The answer is the line containing "圖 2 試樣在室溫至 1773" plus every line after it to the end of the material, retyped exactly and without the pictures.

─── DATA SEGMENT

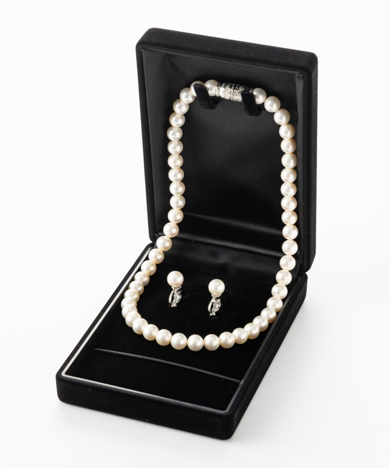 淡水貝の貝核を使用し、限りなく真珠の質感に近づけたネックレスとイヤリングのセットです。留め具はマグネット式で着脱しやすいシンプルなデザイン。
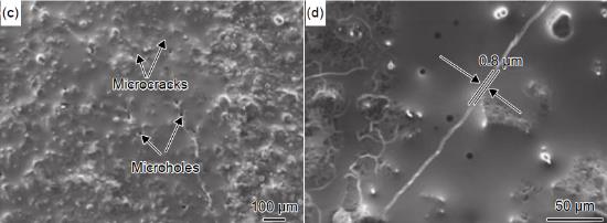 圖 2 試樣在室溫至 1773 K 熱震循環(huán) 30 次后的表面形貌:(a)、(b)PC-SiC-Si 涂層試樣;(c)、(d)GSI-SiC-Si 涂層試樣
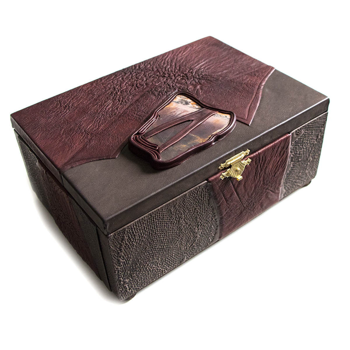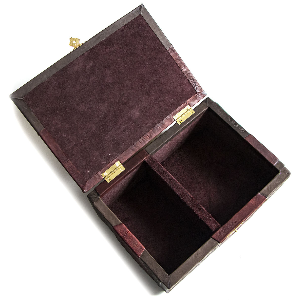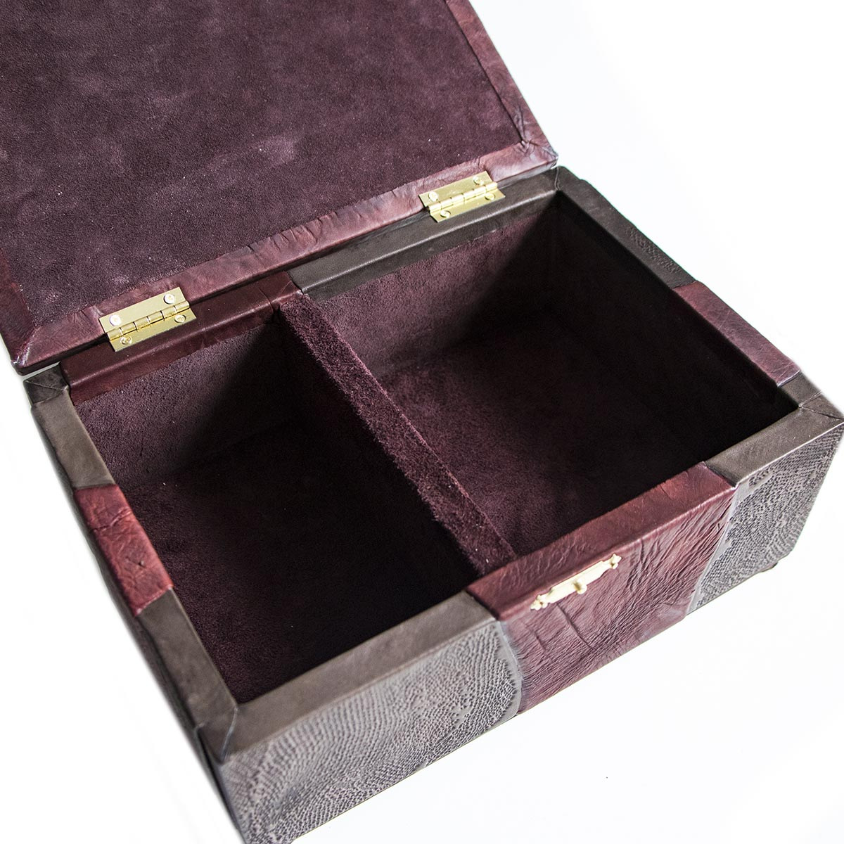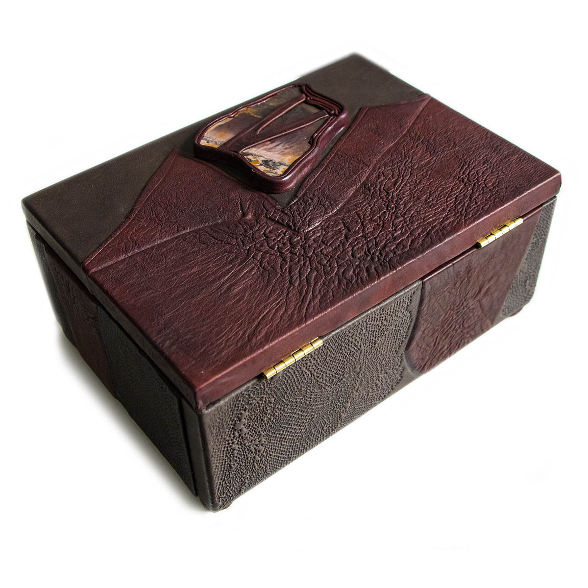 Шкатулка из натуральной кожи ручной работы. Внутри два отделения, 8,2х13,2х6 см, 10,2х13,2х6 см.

──────

- [EXERCISE ANSWER]
 圖 2 試樣在室溫至 1773 K 熱震循環(huán) 30 次后的表面形貌:(a)、(b)PC-SiC-Si 涂層試樣;(c)、(d)GSI-SiC-Si 涂層試樣
 Шкатулка из натуральной кожи ручной работы. Внутри два отделения, 8,2х13,2х6 см, 10,2х13,2х6 см.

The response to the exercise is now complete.